En classe, les enseignants qui se savent faibles en français passent beaucoup de leur temps à vérifier discrètement l’orthographe de certains mots sur leur iPhone.

«Les élèves s’en rendent compte, surtout les plus vieux, ils le voient bien que je cherche certains mots sur mon cellulaire. Ça mine ma crédibilité.»

Le cours de leur carrière s’en trouve souvent touché.

«Mes amies ne veulent pas aller au troisième cycle parce que la gestion de classe est trop difficile. Moi, je suis vraiment bonne là-dedans, mais je ne veux pas leur enseigner parce que je ne suis pas assez bonne en français», dira l’une.

«Admettons que je fais une faute dans un participe passé au tableau, dira une autre, je sais que ce n’est pas super, mais [mes élèves de 1re année] ne s’en rendront pas compte, c’est moins pire que si j’étais en 5e ou en 6e année.»

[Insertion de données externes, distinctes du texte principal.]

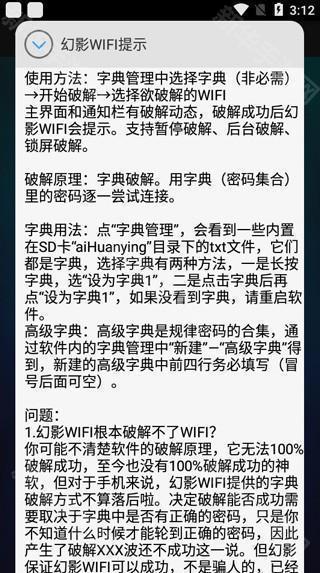 5、还有帮助说明,可以帮助用户更好的破解WiFi。
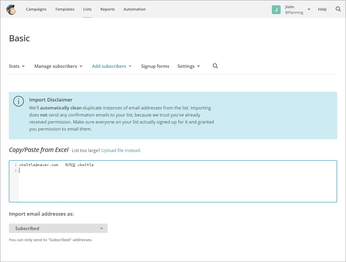 이렇게 리스트를 생성하고 나면 구독자를 추가해야 하는데 방법은 개별적으로 하나씩 올리는 방법, 구독자 리스트를 파일로 한꺼번에 올리는 방법, 구독자 리스트를 붙여 넣기 하여 올리는 방법 등이 있습니다.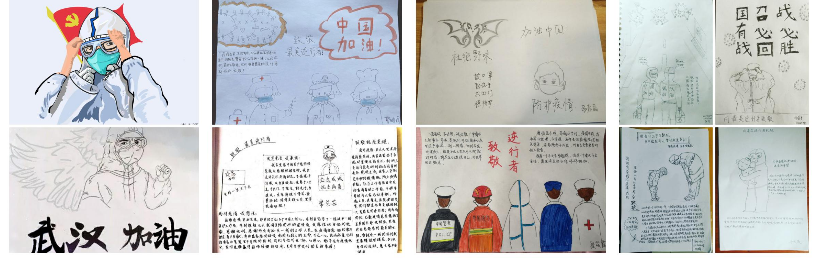 学生党员在学习之余,积极关注疫区动态,发挥自己的特长,通过绘画、设计海报、诗歌、视频、标语、口号等方式,为武汉加油,以此表达自己对武汉及全国战胜疫情的信心与决心: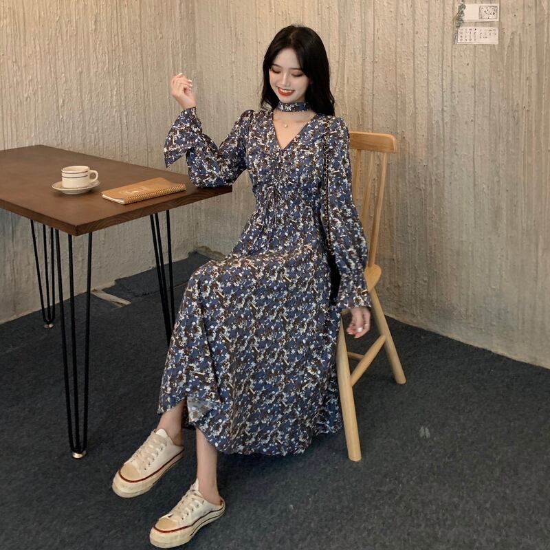 スカート スプリングスタンダードロングVネックドレス フローラル薄手Aライン レトロ 春物 花柄 試着室34765085779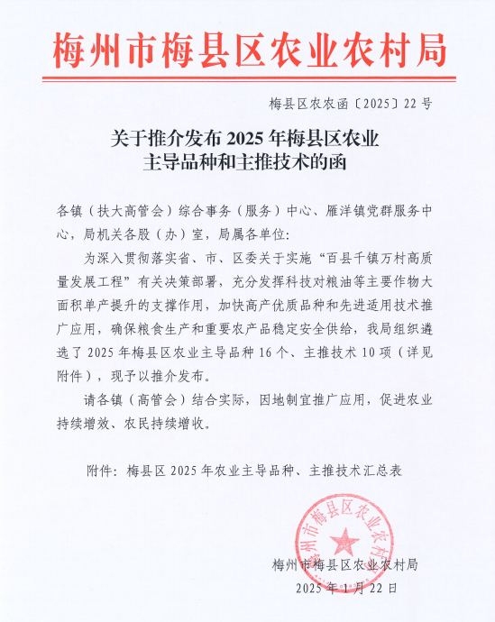 关于推介发布2025年梅县区农业主导品种和主推技术的函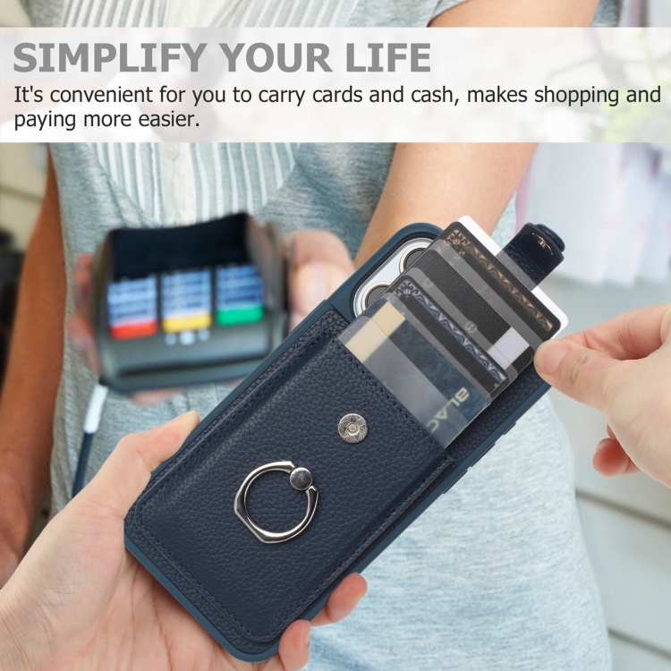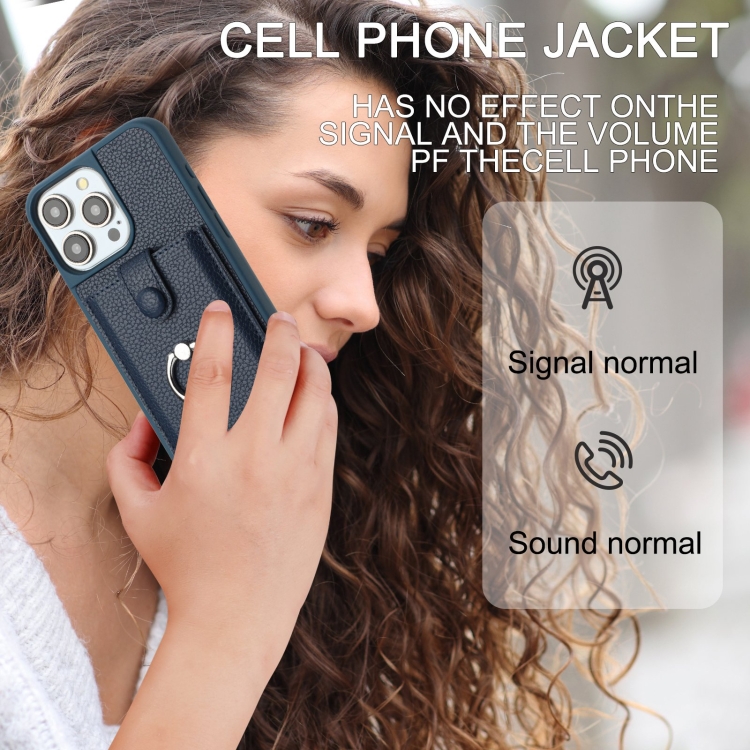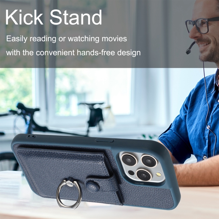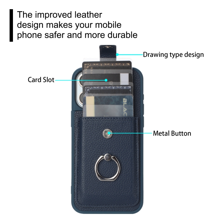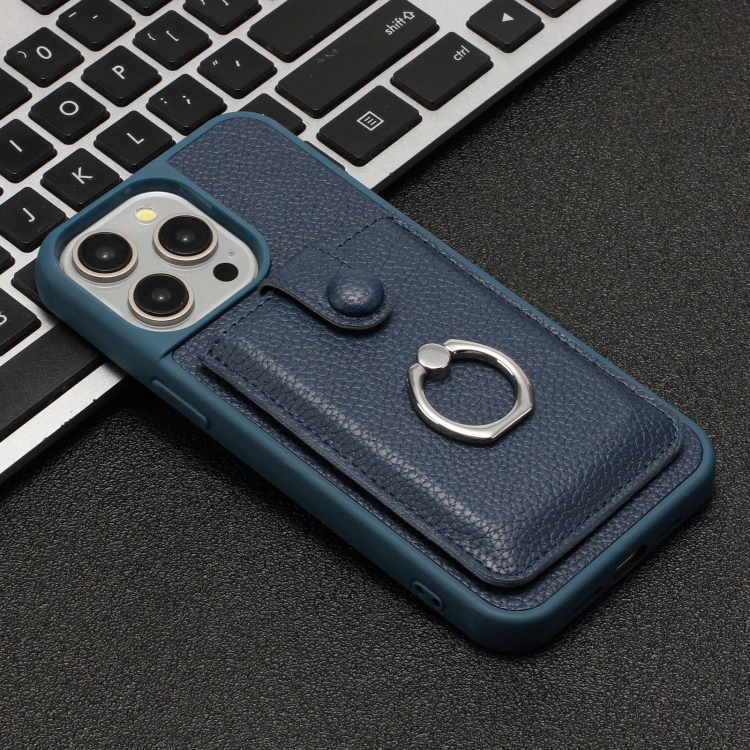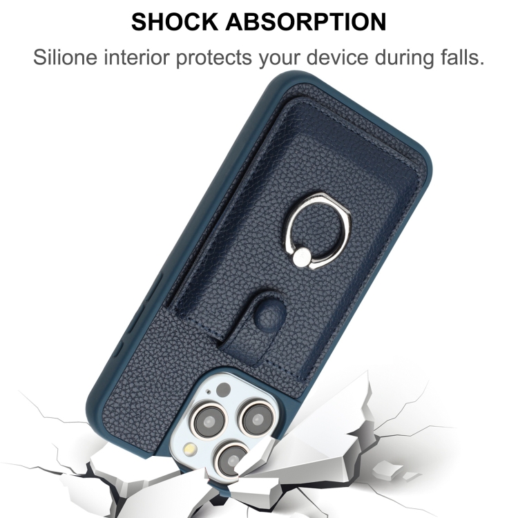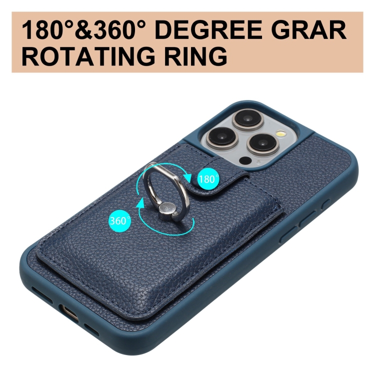 Funda para iPhone 16 Pro Max Textura de Lichi con Tarjeta y Soporte para Anillo (Azul)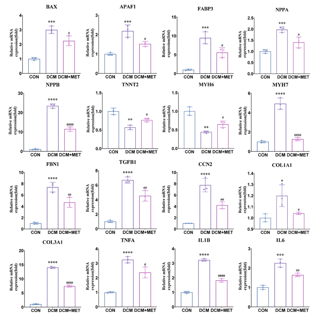 值得一提的是,研究人员使用广泛应用的抗糖尿病药物二甲双胍对构建的DCM模型进行干预。结果令人振奋,二甲双胍能够显著减轻高糖高脂带来的不良影响,降低凋亡、损伤、炎症和纤维化相关基因的表达,部分恢复细胞活力,这一结果也验证了该模型在药物测试和评估方面的有效性。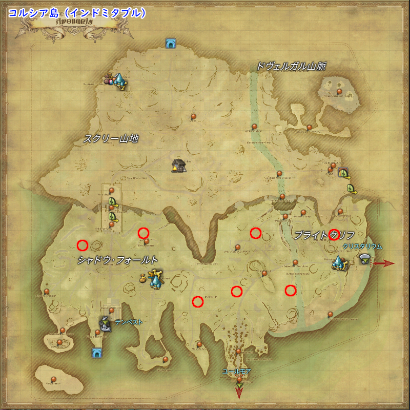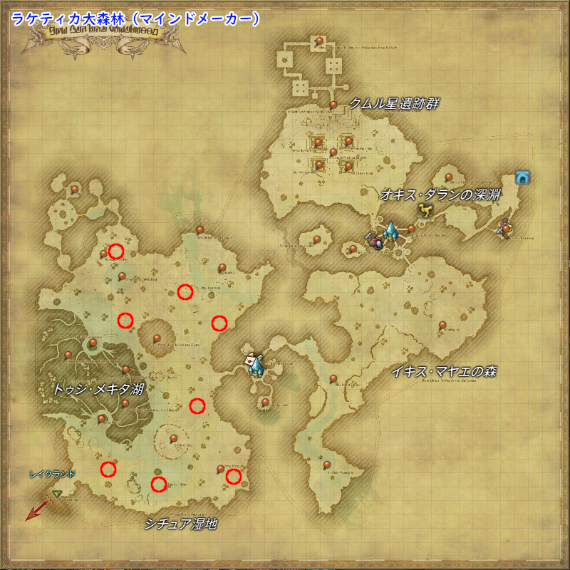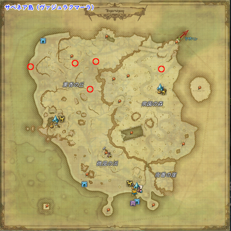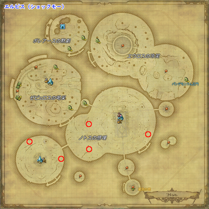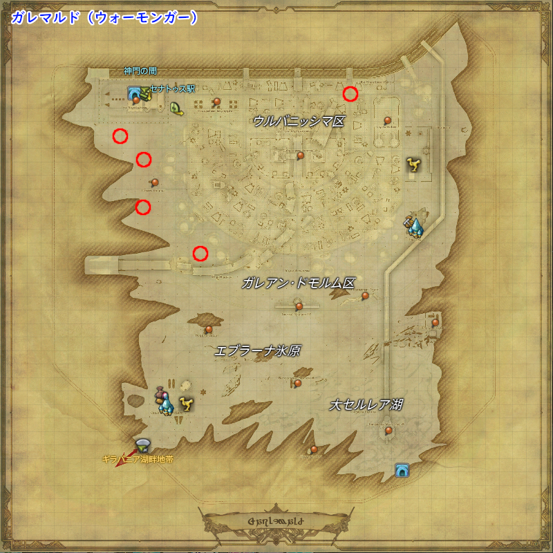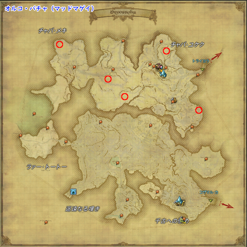 モブハント「リスキーモブ手配書(Bモブ/100点)」のモブ位置を記載したもので、他のSS/S/A/雑魚モブの位置は記載していません。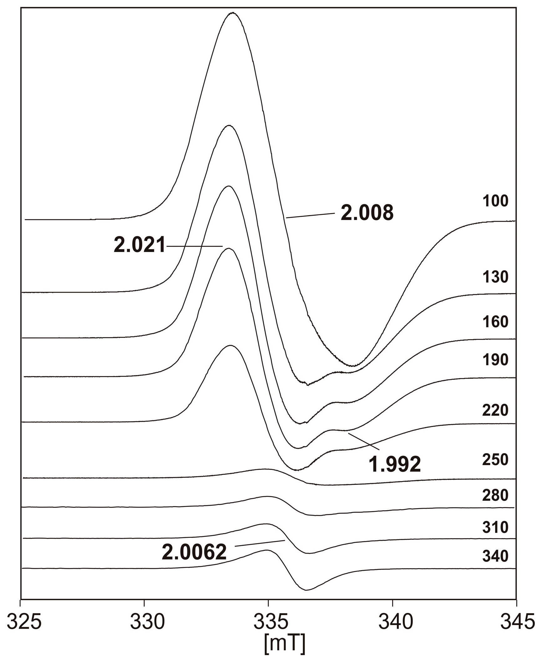 | C2O4•− EXP (gavg ≈ 2.0013) | CO2•− (gavg ≈ 2.0007) | C2O4•− DFT (gavg ≈ 2.0118) | r2 (Fit Quality) | p [mW] | Tmeas [K] |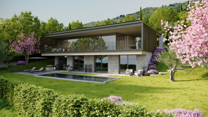 A Torri del Benaco proponiamo in vendita una bellissima e moderna villa, che si trova nelle immediate vicinanze del lago e del centro paese. La villa gode di un'incredibile e completa vista lago e si sviluppa su due livelli fuori terra e dispone anche di una grande piscina. L'immobile è un capolavoro architettonico, un mix di design moderno con elementi tradizionali. Le generose vetrate permettono alla luce del sole di entrare nelle stanze e offrono una vista mozzafiato sul lago scintillante. Nel piano di sotto si trova la zona notte, dove ci sono 3 camere da letto, tutte con accesso diretto alla terrazza e con il proprio bagno. In questo piano troviamo anche una lavanderia, un locale tecnico e un garage molto grande. Con l'ascensore o tramite le scale si raggiunge il piano superiore, dove si trova la bella zona giorno aperta, una cucina a isola e un bagno. Nel complesso, questa villa di lusso è un vero e proprio rifugio per chi cerca una fuga lussuosa e rilassante.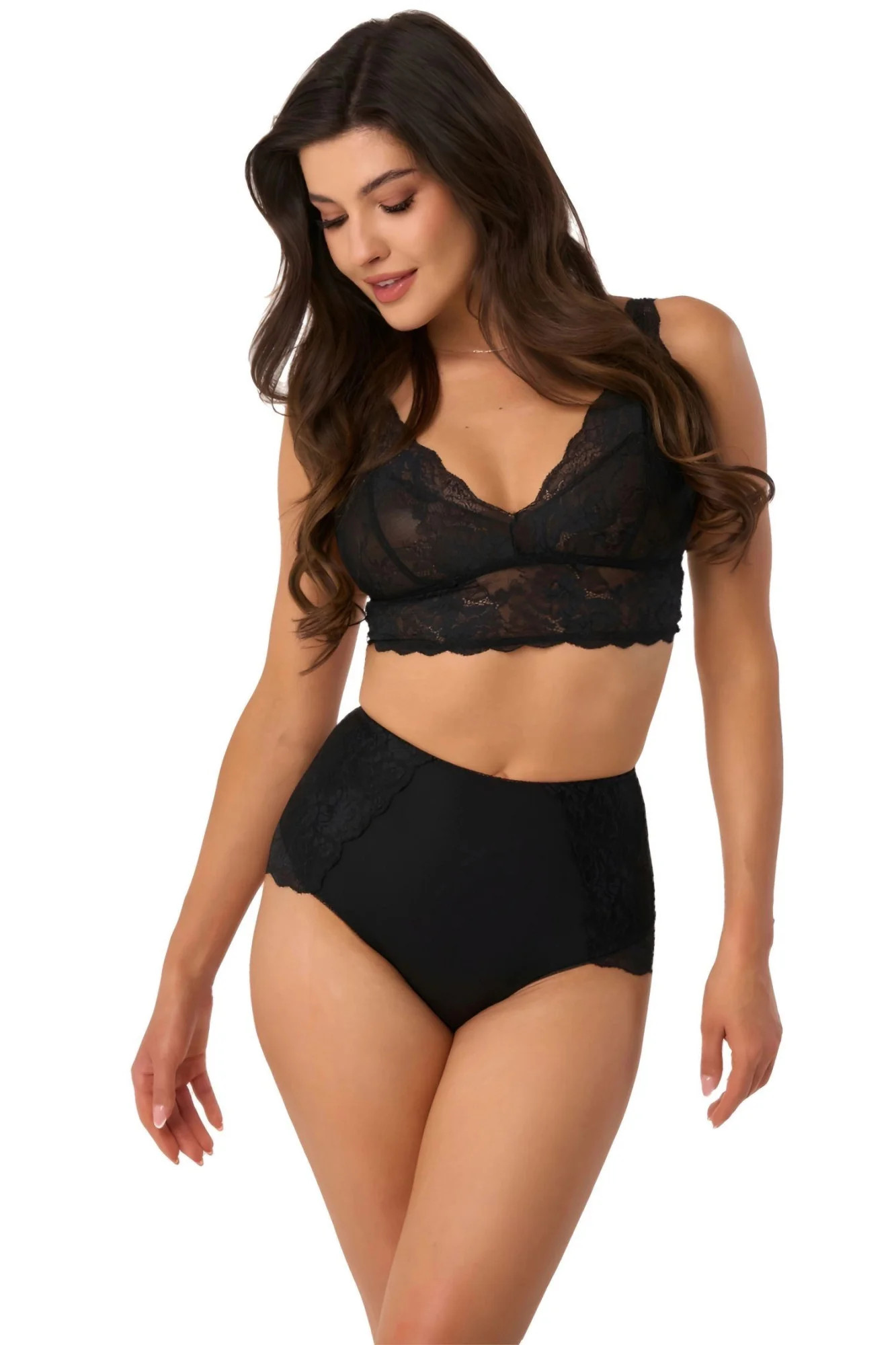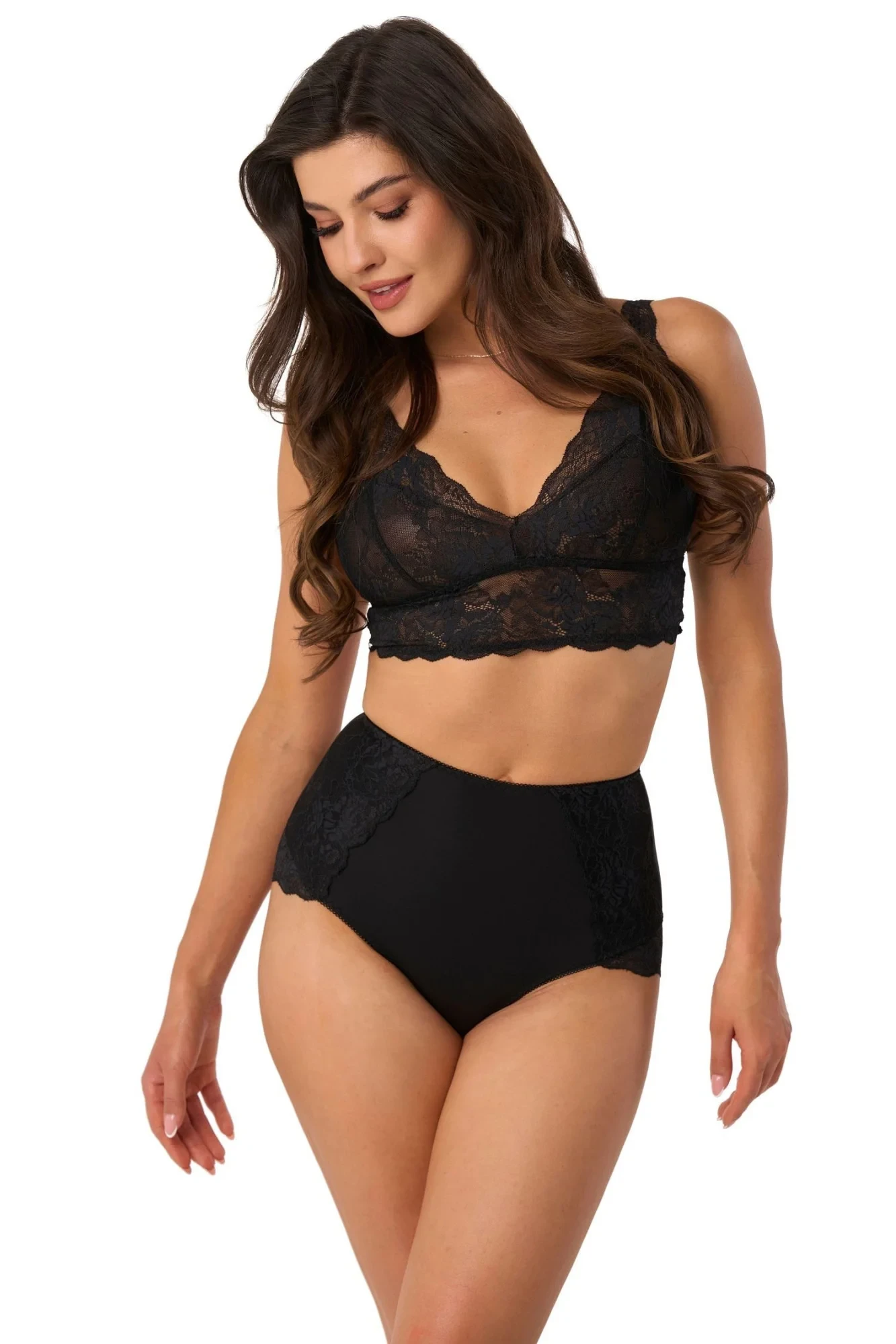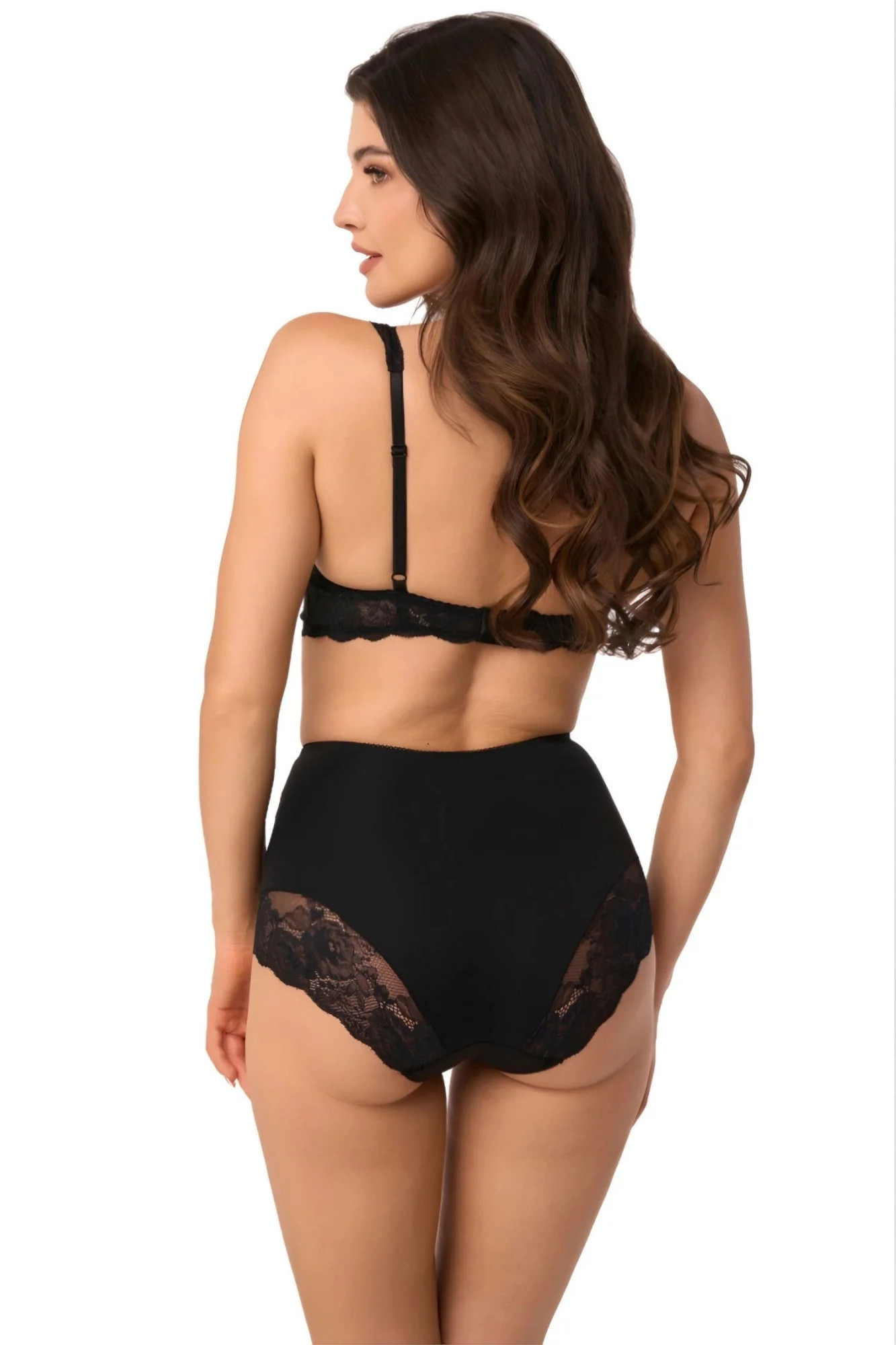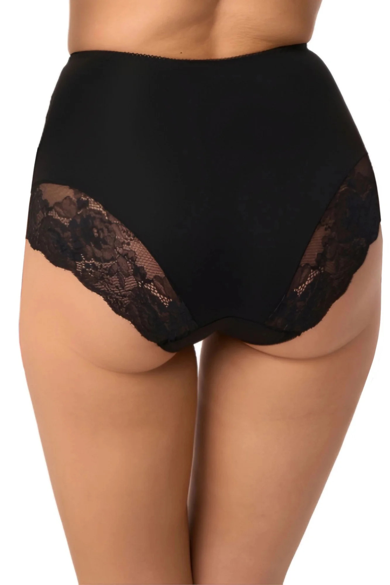 Dámské stahovací kalhotky 204 black plus BABELL - černá barva - z vysoce jakostního mikrovlákna - vyšší pas - stahují břicho a boky - zdobené květinovou krajkou - plochá guma v pase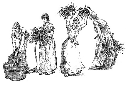 Les opinions paraissent aujourd’hui partagées, et le lavage méthodique est abandonné dans plusieurs manufactures. Mais les feuilles n’en sont qu’a leur première étape. Elles ont, avant d’être distribuées aux cigarières, un voyage à faire autour de la manufacture. Quelques-unes, toutefois, à cause de leur finesse et de leur qualité, ne subissent pas cette première épreuve. On les humecte légèrement et on les fait ensuite sécher sur des claies.

Formation universitaire critiquée

Fait à noter, écrit Geneviève Carpentier, les participants à l’étude ont souvent été critiques envers leur formation universitaire. S’ils ont dit qu’ils auraient aimé suivre un cours de trois crédits sur la grammaire, ils ne sont pas enclins «à participer aux formations gratuites demandant un engagement supplémentaire de leur part».

La grande question, c’est de savoir comment ces enseignants qui reconnaissent avoir de grandes lacunes ont pu accéder à la profession.

«Nous devons remettre en question la capacité du TECFÉE [l’examen de français obligatoire soumis aux étudiants en enseignement] à agir comme filtre afin de s’assurer que tous les étudiants qui le réussissent ont vraiment le niveau de compétence scripturale nécessaire pour enseigner.»